● **What to work on**
Start at the top of the records and, please, print each line exactly through the line that contains "An OMRON C200H-OC222N", leaving out all pictures.

● **Records for the exercise**
---

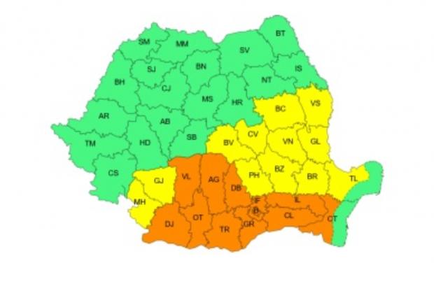 Administraţia Naţională de Meteorologie (ANM) a emis, vineri, o avertizare cod portocaliu de caniculă, valabilă până sâmbătă dimineaţa, în 13 judeţe şi în Bucureşti, dar şi un cod galben căldură extremă pentru alte 12 judeţe.
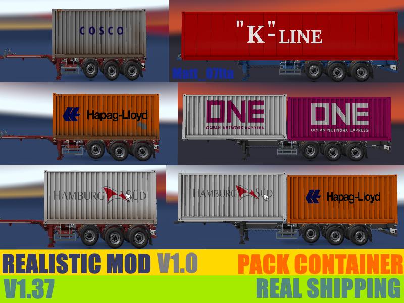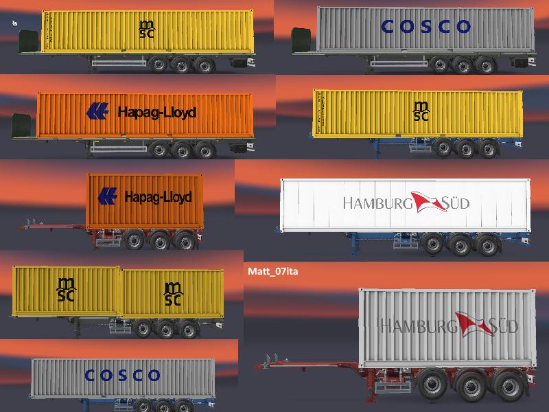Matt_07ita is back, and for a while since I was not posting mods, I hope you have not worried. Today I am back with a new pack, this is a real mod. Usually I create mega packs but this is only a pack because it will come updated to version 1.2 I CREATED THIS MOD TO MAKE THE FIELD OF CONTAINERS AND TRANSPORT IN ETS2 LOOK MUCH MORE REAL !!! This mod is for container ships by scs.It was a little complicated to create this mod because being the first time I had to test it many times. Now I will list some companies: - hamburg-south 4 - hapag lioyd 3 - msc 3 - one 2 - k-line 1 - cosco 2 I CAN REVEAL YOU THAT MANY OTHER CONTAINERS WILL BE ADDED IN THE NEXT VERSION. Being very demanding these packages will not always come out but one per week is insured !!! Credits: Matt_07ita Credits: Matt_07ita |
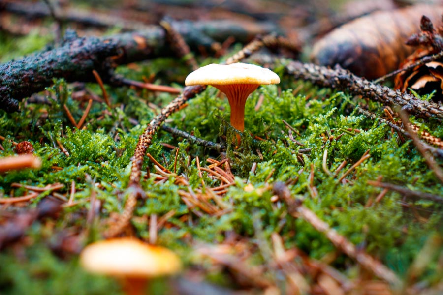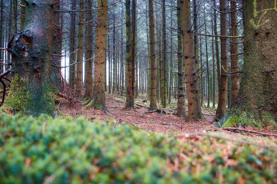Nach einem kurzem Wegstück über Asphalt, zeigte uns die Komoot App an, dass wir wieder nach links in den Wald abbiegen sollten. Diesem folgten wir dann auch für ein paar Kilometer. Der Wald ist sehr abwechslungsreich dort. Nadel- und Laubbäume wechseln sich hier ab und man hat immer mal wieder freien Blick in die Bergische Umgebung. Auch der Waldboden sieht immer wieder toll aus mit seinem Moos und den Pilzen. Einfach herrlich zu dieser Jahreszeit. Ich habe immer die Augen aufgehalten, um einen schönen Fliegenpilz zum Fotografieren zu finden! Leider ohne Erfolg.
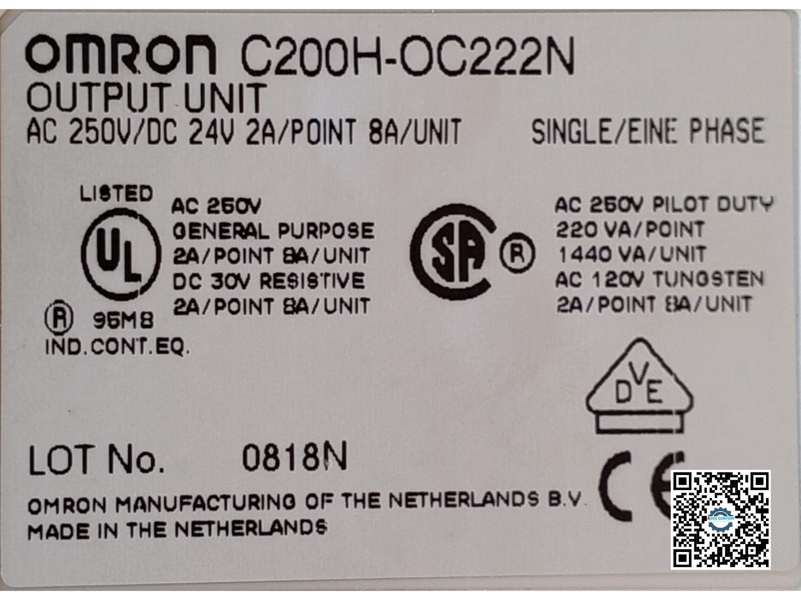 An OMRON C200H-OC222N is a 16-point relay output unit for the C200H programmable controller, rated for AC250V and DC24V.
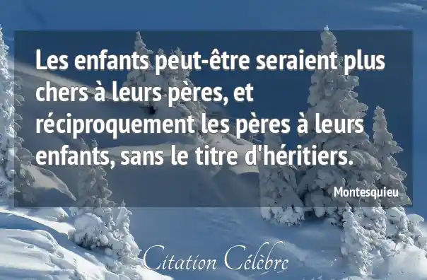 Les enfants peut-être seraient plus chers à leurs pères, et réciproquement les pères à leurs enfants, sans le titre d'héritiers.

---

● **Answer to this exercise**
 Administraţia Naţională de Meteorologie (ANM) a emis, vineri, o avertizare cod portocaliu de caniculă, valabilă până sâmbătă dimineaţa, în 13 judeţe şi în Bucureşti, dar şi un cod galben căldură extremă pentru alte 12 judeţe.
Matt_07ita is back, and for a while since I was not posting mods, I hope you have not worried. Today I am back with a new pack, this is a real mod. Usually I create mega packs but this is only a pack because it will come updated to version 1.2 I CREATED THIS MOD TO MAKE THE FIELD OF CONTAINERS AND TRANSPORT IN ETS2 LOOK MUCH MORE REAL !!! This mod is for container ships by scs.It was a little complicated to create this mod because being the first time I had to test it many times. Now I will list some companies: - hamburg-south 4 - hapag lioyd 3 - msc 3 - one 2 - k-line 1 - cosco 2 I CAN REVEAL YOU THAT MANY OTHER CONTAINERS WILL BE ADDED IN THE NEXT VERSION. Being very demanding these packages will not always come out but one per week is insured !!! Credits: Matt_07ita Credits: Matt_07ita |
Nach einem kurzem Wegstück über Asphalt, zeigte uns die Komoot App an, dass wir wieder nach links in den Wald abbiegen sollten. Diesem folgten wir dann auch für ein paar Kilometer. Der Wald ist sehr abwechslungsreich dort. Nadel- und Laubbäume wechseln sich hier ab und man hat immer mal wieder freien Blick in die Bergische Umgebung. Auch der Waldboden sieht immer wieder toll aus mit seinem Moos und den Pilzen. Einfach herrlich zu dieser Jahreszeit. Ich habe immer die Augen aufgehalten, um einen schönen Fliegenpilz zum Fotografieren zu finden! Leider ohne Erfolg.
 An OMRON C200H-OC222N is a 16-point relay output unit for the C200H programmable controller, rated for AC250V and DC24V.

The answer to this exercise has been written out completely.